───── Given information ─────

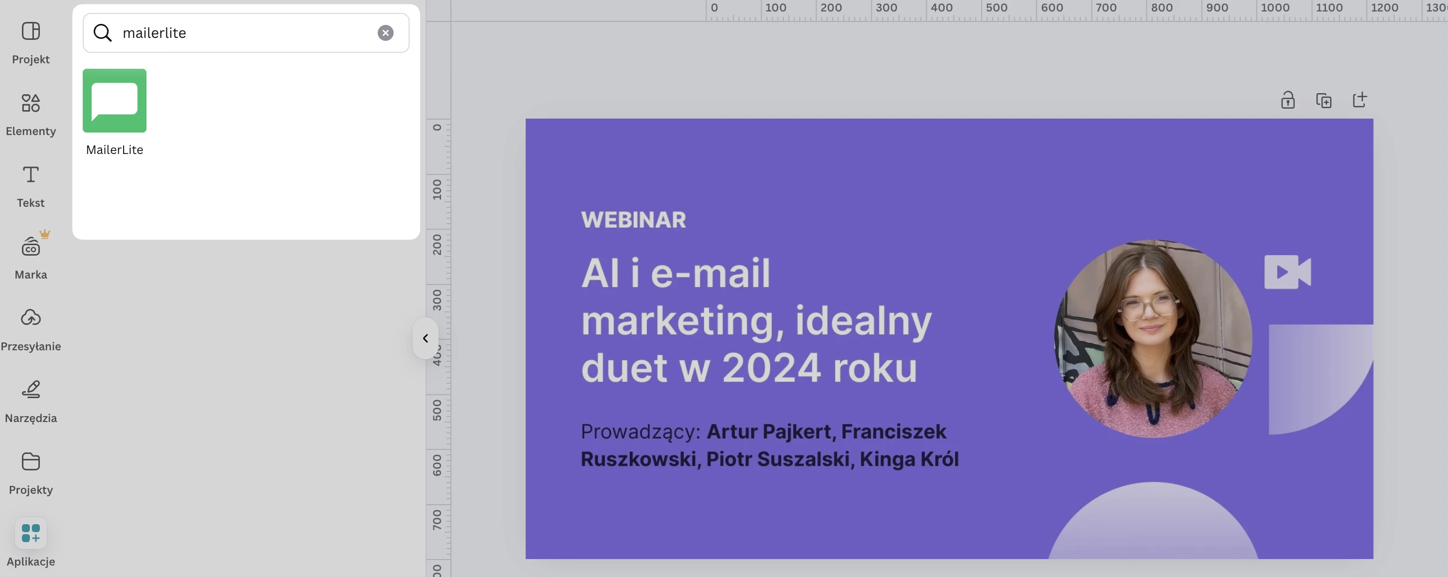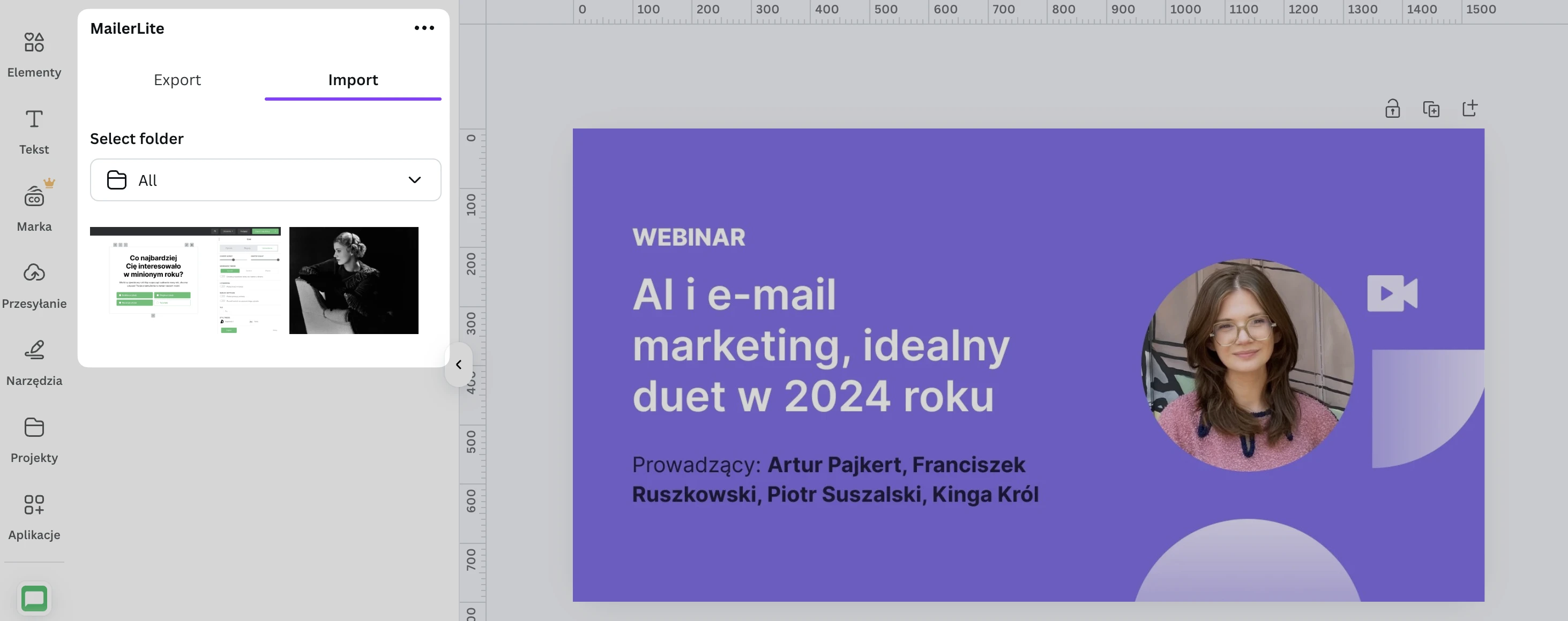 Możliwe jest również przeniesienie zdjęć z menedżera plików konta MailerLite do Canvy. Proces autoryzacji jest taki sam jak wyżej. Po połączeniu kont, wystarczy przejść do zakładki Import, aby wyświetlić pliki. Kliknij dowolny obraz, aby dodać go do projektu Canva.
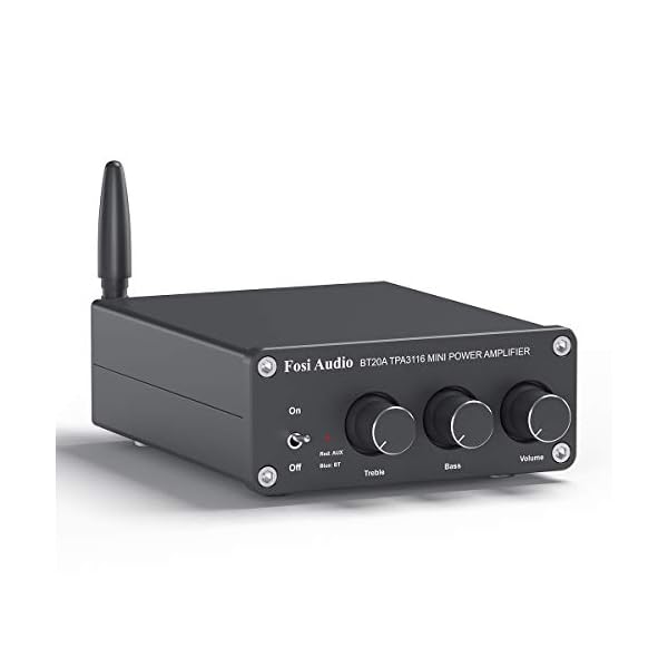 Fosi Audio BT20A Bluetooth 5.0 Stereo Audio 2 Channel Amplifier Receiver Mini Hi-Fi Class D Integrated Amp 2.0 CH for Home Speakers 100W x 2 with Bass and Treble Control TPA3116 (with Power Supply)
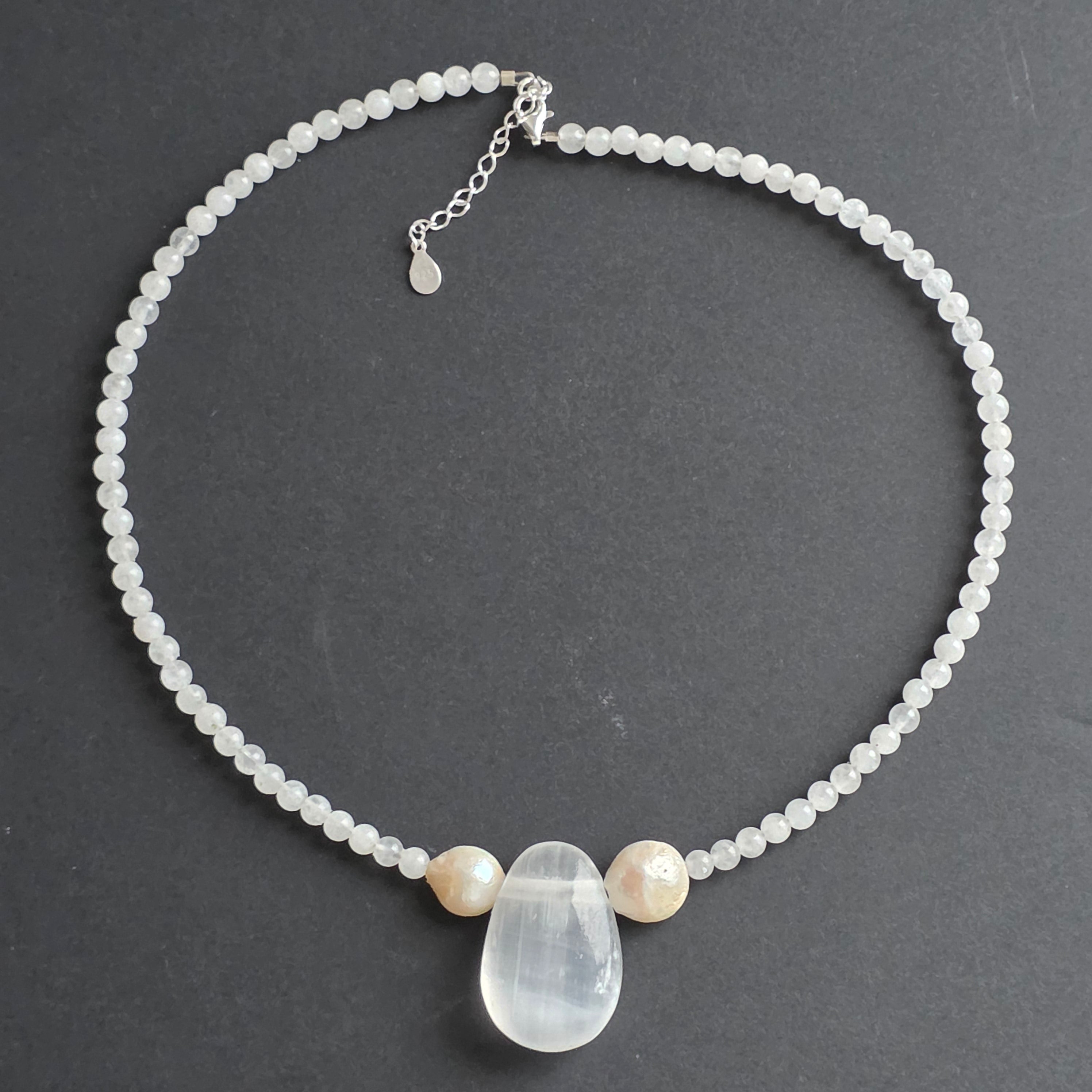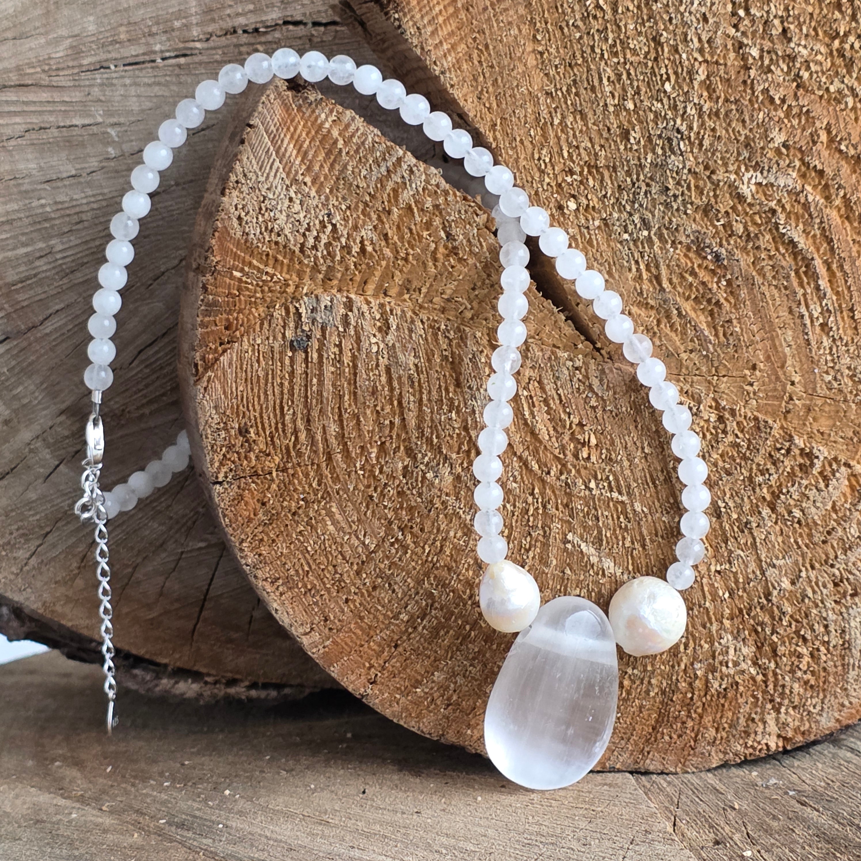 Fehér jáde, gyöngy és szelenit nyaklánc Moonlight#29

─────

**What you have to do**:
The copy runs from the line containing "Fosi Audio BT20A" through the last line of the material, both ends included. Reproduce those lines exactly and drop the pictures.

**Answer for this exercise**:
 Fosi Audio BT20A Bluetooth 5.0 Stereo Audio 2 Channel Amplifier Receiver Mini Hi-Fi Class D Integrated Amp 2.0 CH for Home Speakers 100W x 2 with Bass and Treble Control TPA3116 (with Power Supply)
 Fehér jáde, gyöngy és szelenit nyaklánc Moonlight#29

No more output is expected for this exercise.